**PROVIDED ENTRIES**.
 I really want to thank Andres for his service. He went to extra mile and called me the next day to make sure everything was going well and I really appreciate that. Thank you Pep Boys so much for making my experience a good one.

...

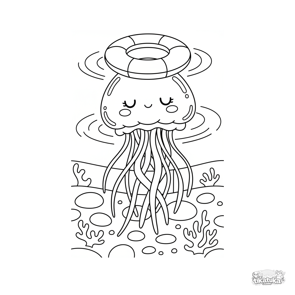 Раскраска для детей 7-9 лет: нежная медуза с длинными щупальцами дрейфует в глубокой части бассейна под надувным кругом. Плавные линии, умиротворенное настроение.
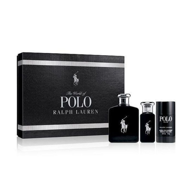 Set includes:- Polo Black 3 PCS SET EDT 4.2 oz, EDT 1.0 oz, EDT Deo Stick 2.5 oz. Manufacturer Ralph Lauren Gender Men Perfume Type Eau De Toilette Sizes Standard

**ACTIVITY**.
Could you output exactly the lines above, from the line with "Раскраска для детей" up to and including the line with "Set includes:- Polo", and nothing else, skipping the pictures?

**PROBLEM SOLUTION**.
 Раскраска для детей 7-9 лет: нежная медуза с длинными щупальцами дрейфует в глубокой части бассейна под надувным кругом. Плавные линии, умиротворенное настроение.
 Set includes:- Polo Black 3 PCS SET EDT 4.2 oz, EDT 1.0 oz, EDT Deo Stick 2.5 oz. Manufacturer Ralph Lauren Gender Men Perfume Type Eau De Toilette Sizes Standard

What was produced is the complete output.